AVAILABLE RECORDS →
◆ ◆ ◆ ◆ ◆

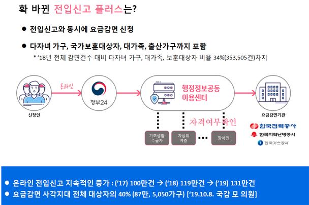 ‘전입신고 플러스 원스톱 서비스’는 사회적 배려대상자가 온라인 전입신고를 하면서 전기요금, 텔레비전 수신료, 지역난방비, 도시가스 요금 등의 감면을 한 번에 신청할 수 있는 서비스다. 지금까지는 이사할 때마다 전입신고와는 별개로 요금감면 신청도 각각 따로 신청해야 하는 불편함이 있었다.
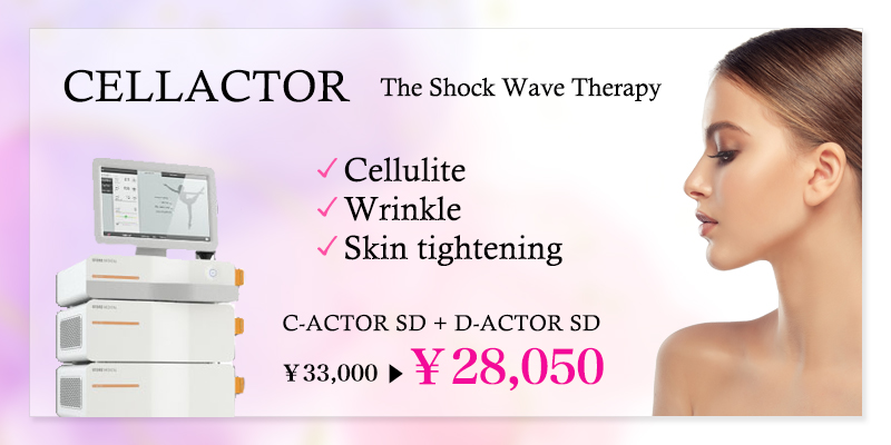 The Shock Waves are the distinctive strong pressure waves that are transmitted at faster than supersonic speed. For non-invasive body slimming, we employ the device called CELLACTOR, which loads two types of shock waves; one is the converging focused type called C-ACTOR, and the other, the scattering radial type called D-ACTOR. Utilizing two handpieces, CELLACTOR breaks and reduces the stored white adipose (fat) tissue, expels triglyceride to the outside, and then powerfully flushes away the destructed fat tissue along with body wastes. Other than body slimming by decomposing fat and stringy cellulite, CELLACTOR is able to treat stiffened, deteriorated muscle and fascia (relieving the pain and the lump within) and dramatically changing the figure and the contour to attain the ideal body shape.
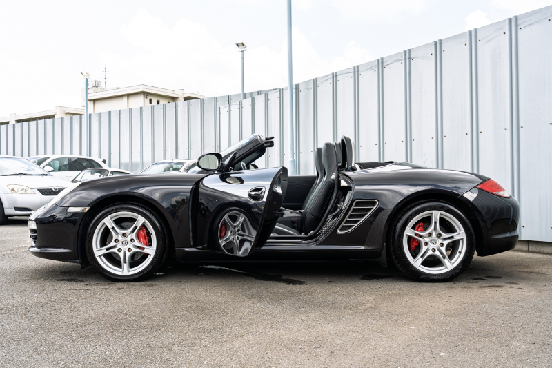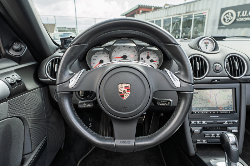 ポルシェ ボクスター S スポーツクロノPKG 後期モデル ブラックハーフレザーシート シートヒーター ブラックソフトトップ クラリオンナビTV ダイナミックコーナリングライト クルコン オートエアコン ケイマンS18インチAW 2年保証
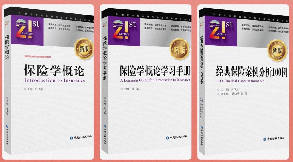 许飞琼老师主编的《保险学概论》教材是伴随着《保险学概论》课程的建设而配套形成的,参编人包括李晓林、郝演苏、陶存文、褚福灵等具有丰富教学经验的知名教授。该教材致力于开启学生内在潜力和学习动力,培育学生的爱国情怀与保险专业理论与技能,通过借鉴吸收保险学界和业界已有研究成果、编写人多年的教学经验以及保险行业的新知识技术而完成。《保险学概论》及其配套教材《保险学概论学习手册》《经典保险案例分析100例》已经入选“21世纪本科金融学名家经典教科书系”。
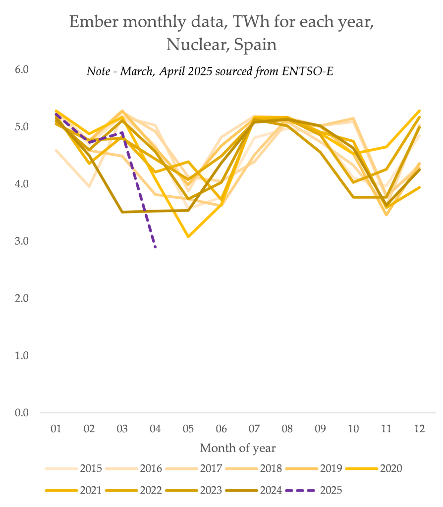 Looking deep into this data flips the script. The story told in media is that Spain was suffering from ‘too much solar’. Who has been asking why half of Spain’s nuclear fleet was taken offline at the time of the grid instability?
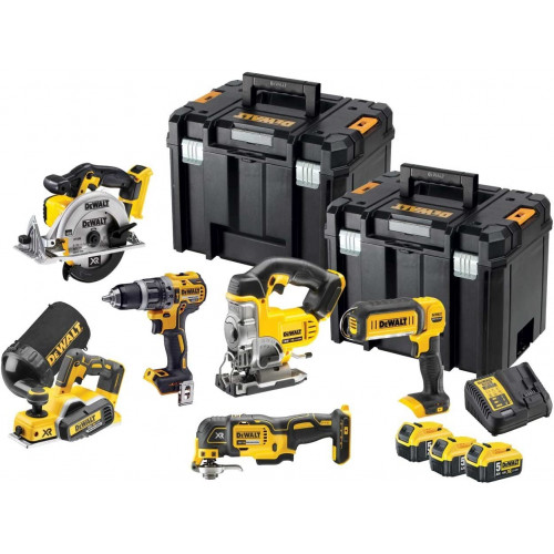 • DCD796 Taladro combinado de 2 velocidades sin escobillas, DCP580 cepilladora sin escobillas, sierra circular DCS391, multiherramienta oscilante sin escobillas DCS355, sierra de calar DCS331, luz inalámbrica DCL050, cargador multivoltaje DCB115, 2 x DWST1-71195 profundo Cajas de T-StakakBoxes, 3 baterías DCB184 de 18 V 5.0 Ah XR de iones de litio, bolsa de cepillado DWV9390
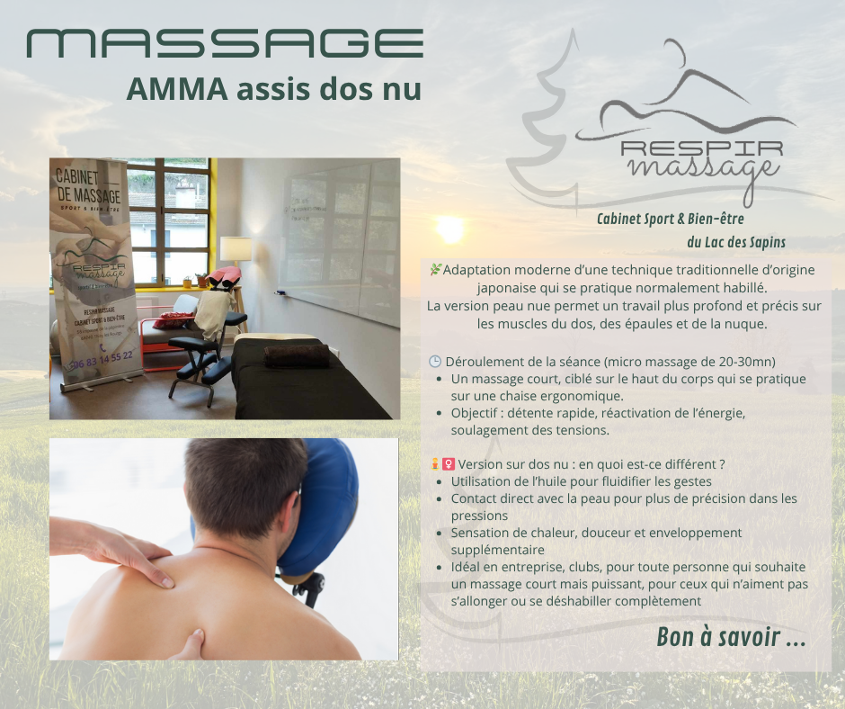 massage sportif, ventouses dynamiques, AMMA assis dos nu, étirements, mobilité, yoga…), votre masseur saura s’adapter et vous apporter un véritable moment de détente et de bien-être !
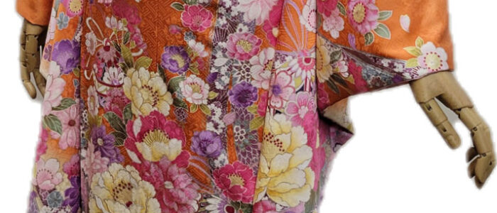 桜・牡丹・菊といった四季の花々が重なり合いながら咲き誇る様は、まるで花園のような美しさ。白・ピンク・紫を中心とした彩りがオレンジの地に映え、甘やかさと格調のある華やぎを同時に感じさせてくれます。
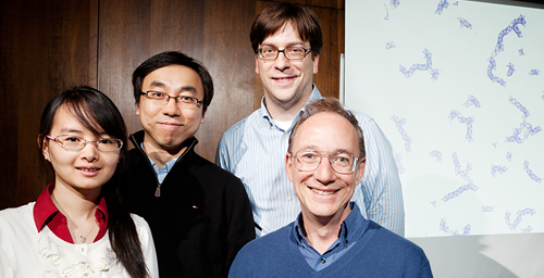| Researchers led by Founder Professor of Engineering Steve Granick, right, have developed tiny spheres that attract water to form "supermolecule" structures. Team members, from left, Qian Chen, doctoral student in materials science and engineering; Sung Chul Bae, research scientist; and Jonathan Whitmer, doctoral student in physics. Photo by L. Brian Stauffer |
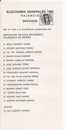 The organization was formed in 1979, by several Falangist dissident organizations, especially former members of the Círculos Doctrinarios José Antonio (José Antonio Doctrine Circles) and some Spanish Independent Falange members. In the general elections of 1982 MFE gained 8,976 votes. In 1983 a section of the Youth Front joined the party. Since then the party has always achieved very poor election results, with some exceptions. The most notable of those exceptions is Santoña (Cantabria), where the party had 1 town councillor from 1999 to 2015, even participating in local governments with the People's Party and the Regionalist Party of Cantabria.[2] The party finally lost its councillor in the local elections of 2015.[3]
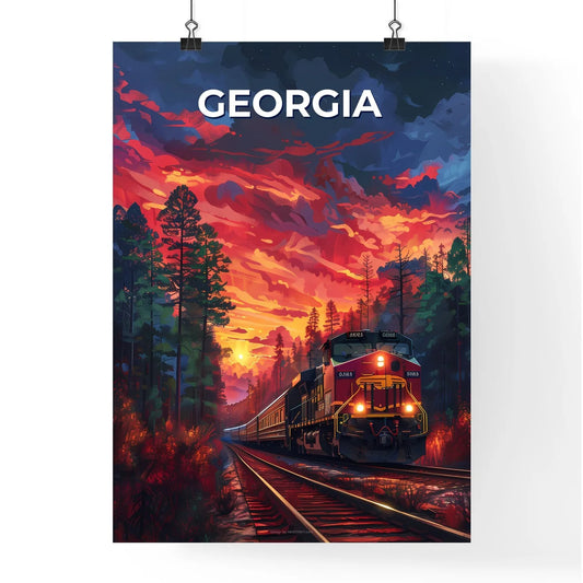 Georgia, USA - Painting of a Train on Tracks with Colorful Trees and a Sunset
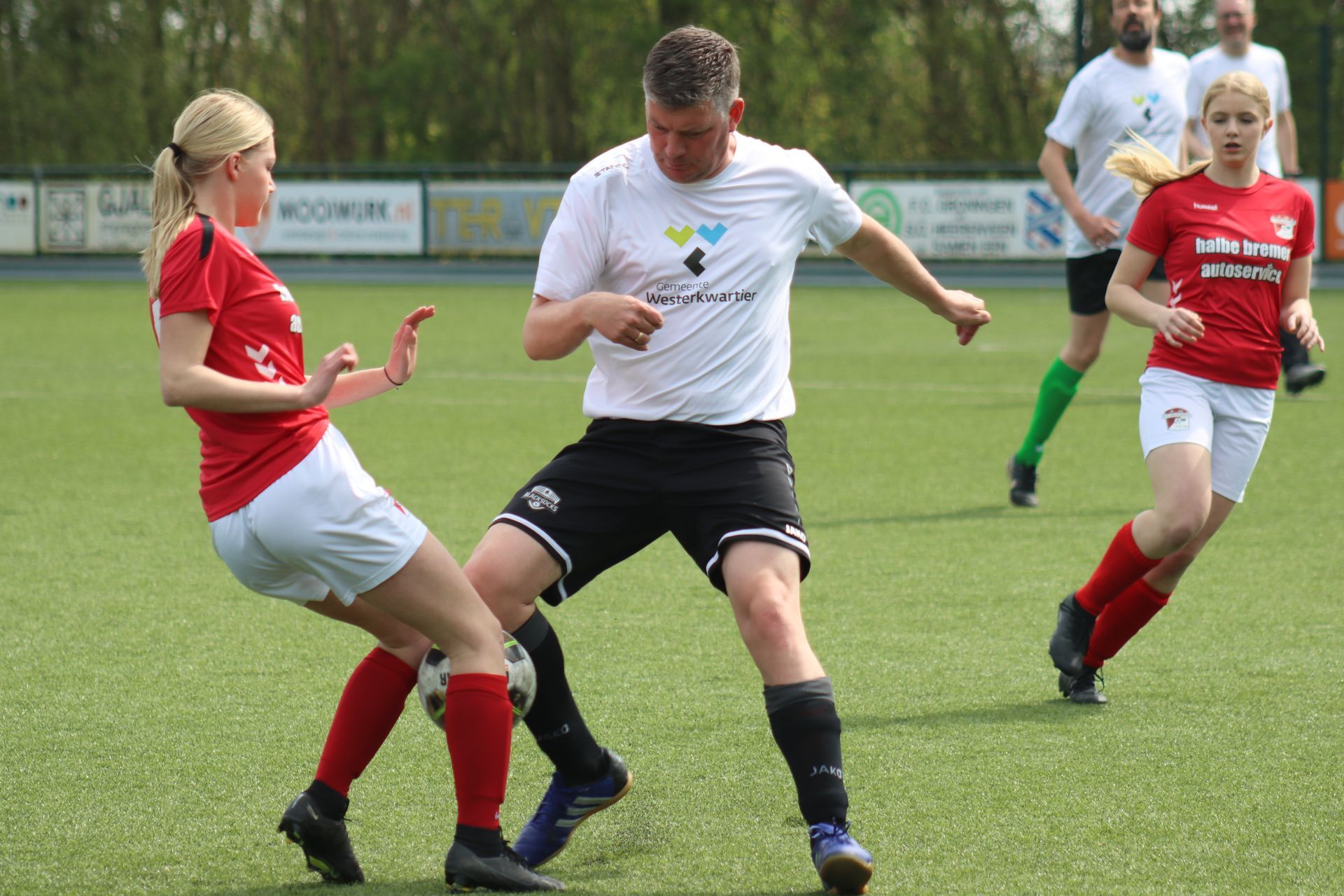 Opening gedaan door wethouder en jongste en oudste spelende leden. Combinatieteam gemeente speelt tegen combinatieteam voetbalvereniging.

◆ ◆ ◆ ◆ ◆

Treat the line with "许飞琼老师主编的《保险学概论" as the start and the line with "Looking deep into" as the end, and return exactly that span of the data above, both ends included, without pictures.

 许飞琼老师主编的《保险学概论》教材是伴随着《保险学概论》课程的建设而配套形成的,参编人包括李晓林、郝演苏、陶存文、褚福灵等具有丰富教学经验的知名教授。该教材致力于开启学生内在潜力和学习动力,培育学生的爱国情怀与保险专业理论与技能,通过借鉴吸收保险学界和业界已有研究成果、编写人多年的教学经验以及保险行业的新知识技术而完成。《保险学概论》及其配套教材《保险学概论学习手册》《经典保险案例分析100例》已经入选“21世纪本科金融学名家经典教科书系”。
 Looking deep into this data flips the script. The story told in media is that Spain was suffering from ‘too much solar’. Who has been asking why half of Spain’s nuclear fleet was taken offline at the time of the grid instability?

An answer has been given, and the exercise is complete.